Louis Poulsen’s modernist brief
Louis Poulsen’s identity is tied to Scandinavian lighting where comfort is engineered, not improvised. The PH range sits at the center of that story, linking domestic atmosphere with optical discipline and repeatable production. For the brand’s own framing of the model, see Louis Poulsen’s PH 2/1 overview and this Designmuseum Danmark note on the early PH prototype. For the item in this listing, use the Product page.

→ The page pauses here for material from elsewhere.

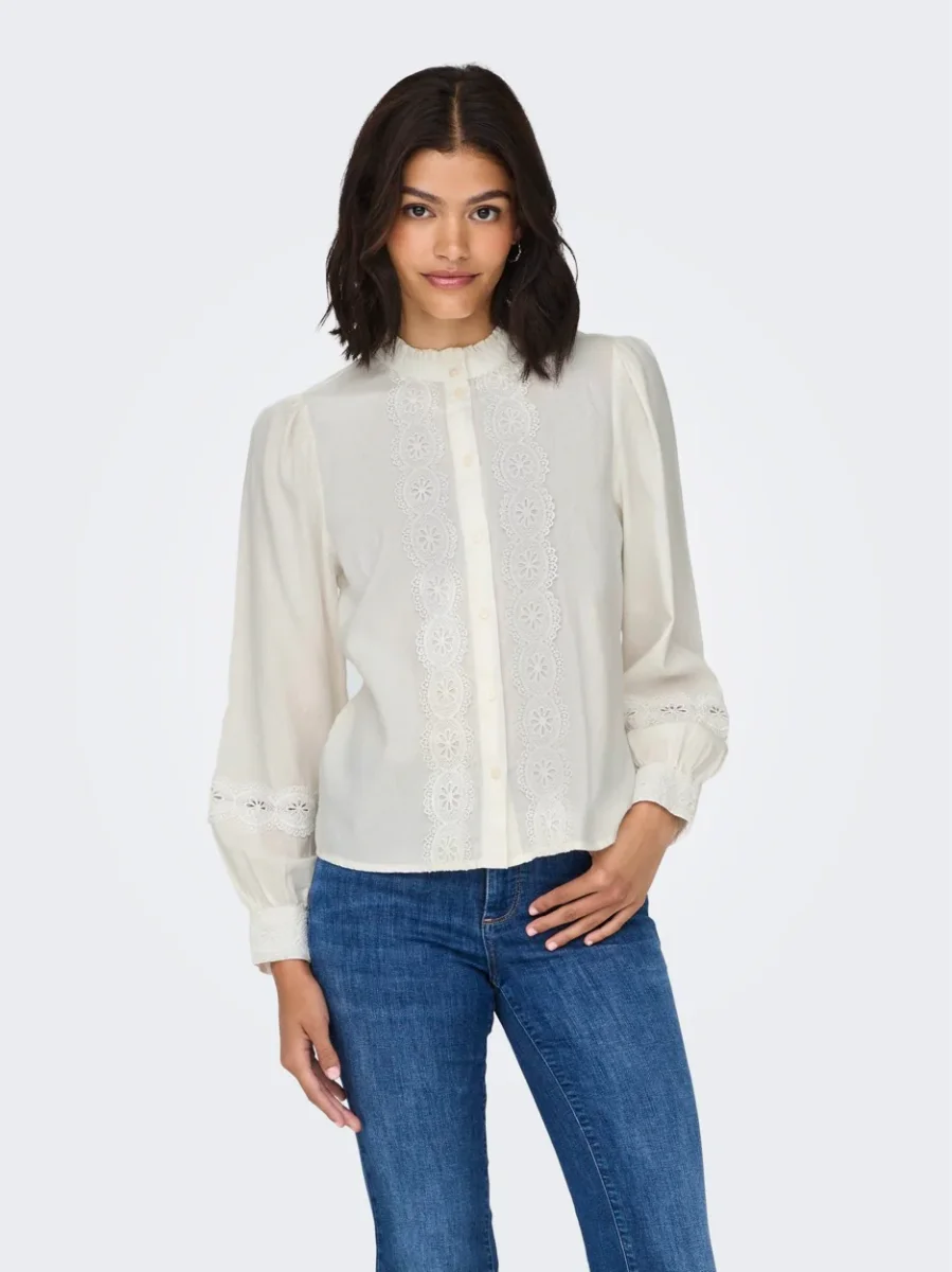 Deze elegante off-white blouse van Jacqueline de Yong is een must-have voor elke fashionista. Gemaakt van 100% katoen, voelt deze blouse zacht en comfortabel aan op de huid. Met zijn lange mouwen is deze blouse perfect voor elk seizoen en elke gelegenheid. Het tijdloze design, gecombineerd met de klassieke kraag en knoopsluiting, zorgen voor een stijlvolle en vrouwelijke uitstraling. Draag deze blouse op een mooie rok voor een chique look, of combineer het met een jeans voor een casual maar toch trendy outfit. Laat jezelf stralen in deze prachtige blouse van Jacqueline de Yong, verkrijgbaar bij nummerzestien!

Poul Henningsen and the glare problem
Poul Henningsen developed the three-shade principle in the mid-1920s as an answer to the harshness of early electric bulbs, shaping light with a rational geometry rather than relying on diffusers alone. Louis Poulsen describes the system as rooted in a mathematical approach using the logarithmic spiral, with the family emerging in 1925–26. Brand background on the three-shade system provides the clearest summary; for broader context on Henningsen’s later icons, see Architectural Digest on PH legacy.

What it does on a table
In use, the top shade pushes the brightest output downward, while the lower shades “feather” the beam so the pool of light feels calm rather than spotlighted. Opal glass keeps the edges of that pool soft, and the layered construction reduces direct glare at seated eye level—useful on a side table, console, or shelf where you see the lamp more often than you see the task.
An installation story
The customer’s note anchors the lamp in real-world timing: shipping began on December 31, 2025, with the selected finish listed as Brass metallised. The experience described is straightforward—choosing a finish, then receiving a compact PH that reads as both object and light source once placed.

Where it fits best
This is a lamp for rooms that prioritize atmosphere without losing visual clarity: bedrooms, living rooms, and entry consoles where you want a defined glow, not a bare bulb. It pairs naturally with wood, stone, and textile-heavy interiors, but also works in cleaner spaces where the form becomes the ornament. Because the light is intentionally shaped, it’s most satisfying when it’s allowed to “own” a small zone rather than compete with a bright ceiling fixture.